What sorts of things are these? I'll start with an example. If I know the name of a function, I can easily look up its parameters and return value; there's no need to memorize this. However, if I know what I want to do, it's not so trivial to figure out which function to use. I may have trouble finding any functions which do what I want, or I may have difficulty deciding between some which seem similar (gets, fgets, scanf, etc.) These are the things which are time-consuming to learn (much more so than syntax), and they're also the things that are important to remember. Thus, the function to operation lookup is easy; the operation to function lookup is hard. It is the latter that must be tested, becuase that is what cannot trivially be looked up when one is programming.

It is, of course, impossible to do this with a multiple-choice test unless the number of choices is extremely large (at least several dozen). Thus, I do not primarily blame BrainBench for simply writing their test poorly; I believe that multiple-choice tests are simply not suitable for testing certain types of things, and programming languages are one of these things.

These thoughts also lead me to the conclusion that it is not possible to learn a programming language quickly (in a few days). It's possible to learn the syntax in a few days, but the whole reason the test didn't work well was that the hard part of learning the language isn't the syntax, it's finding the functions you want given what you want to do, and judgement about how to implement things. A number of people, however, seem thoroughly convinced that it is possible to learn programming languages quite quickly. My disagreement with them caused me to write the following:

Come to FooBar University; Learn Any Language in 3 Days!

What follows is a rant which I originally wrote for kuro5hin.org. You can view the Article on Kuro5hin with other people's comments if you like.

I can't count the number of times I've heard someone say: "If you learn Computer Science, you'll be able to learn any programming language in a few days." Every time I hear it, it pisses me off. It pisses me off because it is total, unadulterated, ego-stroking bullshit that bears no more resemblance to reality than a deranged mountain lion bears to a cucumber.
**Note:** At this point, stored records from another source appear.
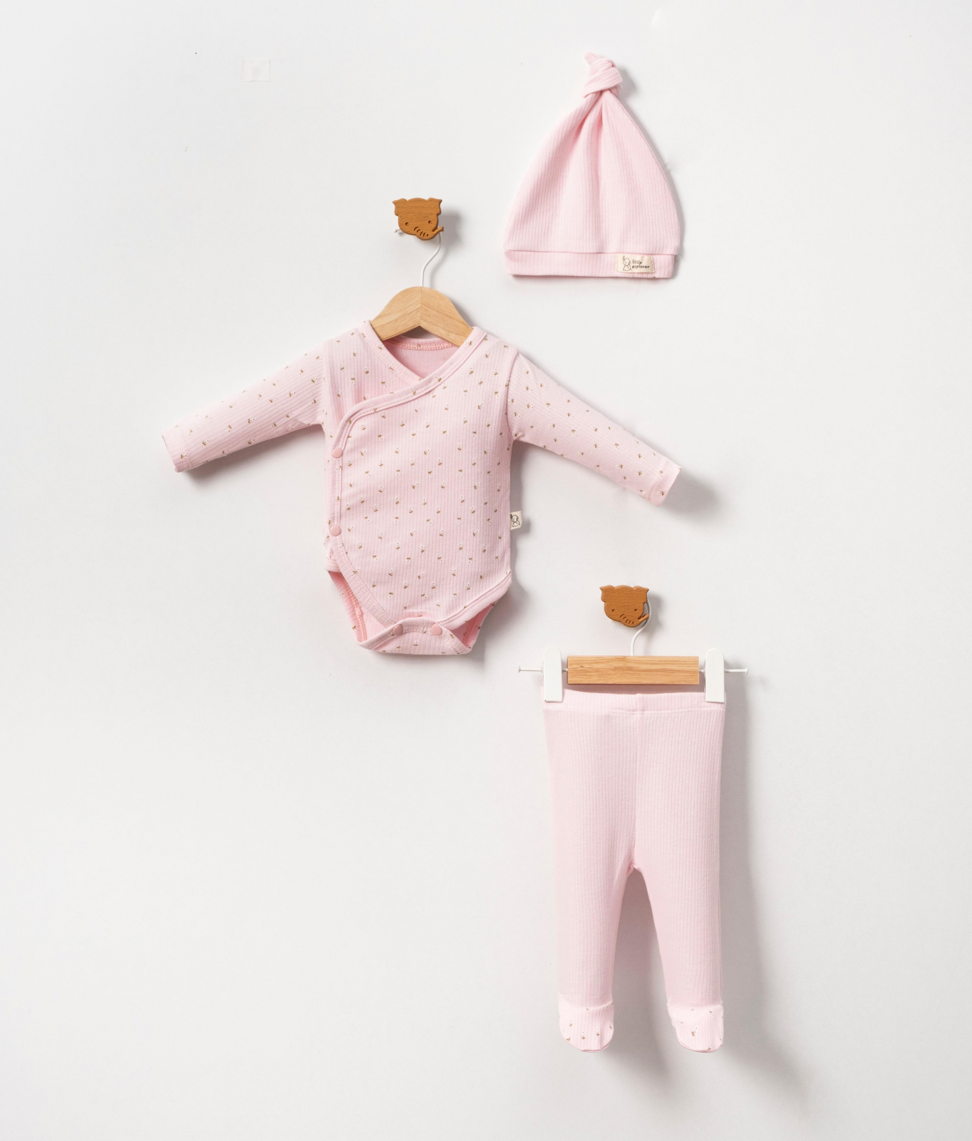 Pantalonul lung, de culoare roz deschis, vine cu botoșei integrați și elastic în talie pentru o potrivire perfectă și confortabilă. Setul este completat de o caciuliță asortată, fabricată tot din bumbac 100%, ideală pentru a menține căldura și a adăuga un plus de farmec.
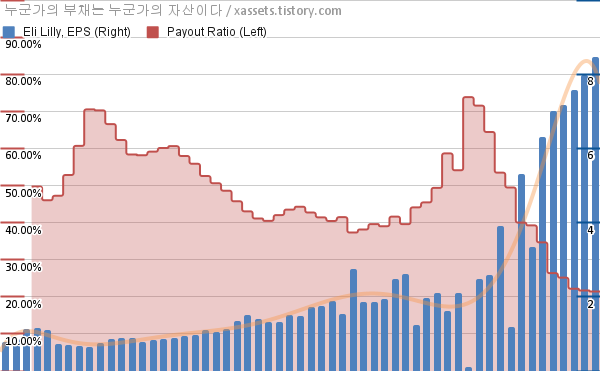 엘리 릴리 EPS 성장률, 배당성향 차트 (2012년~2026년)
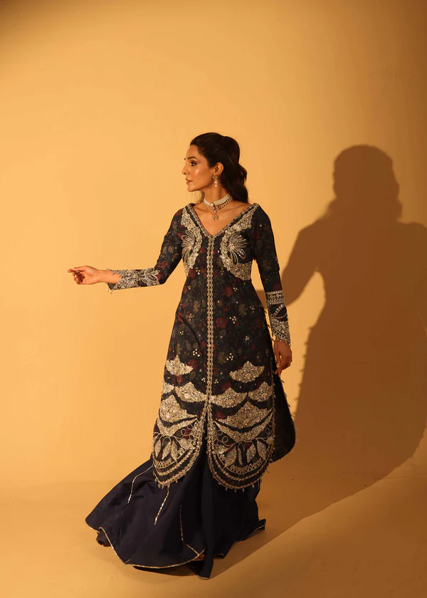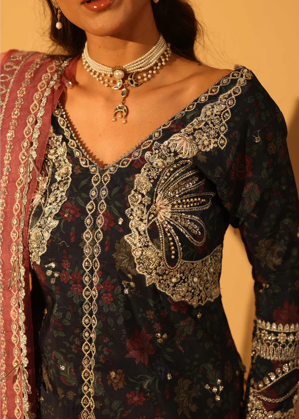 • Hand Embellished Right Panel 1 Pc Printed PP Raw Silk

I went to a prestigious university. I've seen a lot of CS grads up close. I've seen that a lot of them spend weeks getting to the "hello world" level when they get a job and have to write actual code. Never mind that, however. I'm not saying merely that many CS graduates happen to be incompetent; I'm saying that the very idea that a theoretical background lets you learn programming languages quickly is fundamentally broken.

If you want to write a program, there are three things you have to understand. You need to understand the algorithms you're going to use, the language(s) in which you're programming, and the platform(s) you are targetting. These are all learned separately. Let's suppose I'm going to write a Unix daemon in C. Algorithm knowledge lets me do things like store my data in a hash table instead of an array that I bubble-sort every time I insert something. Language knowledge lets me make intelligent decisions between functions like sscanf or atoi, and prevents me from writing 'printf ("user supplied string");'. Platform knowledge is what tells me how to use things like socket() and bind(). If any of these three are lacking, my program will suck.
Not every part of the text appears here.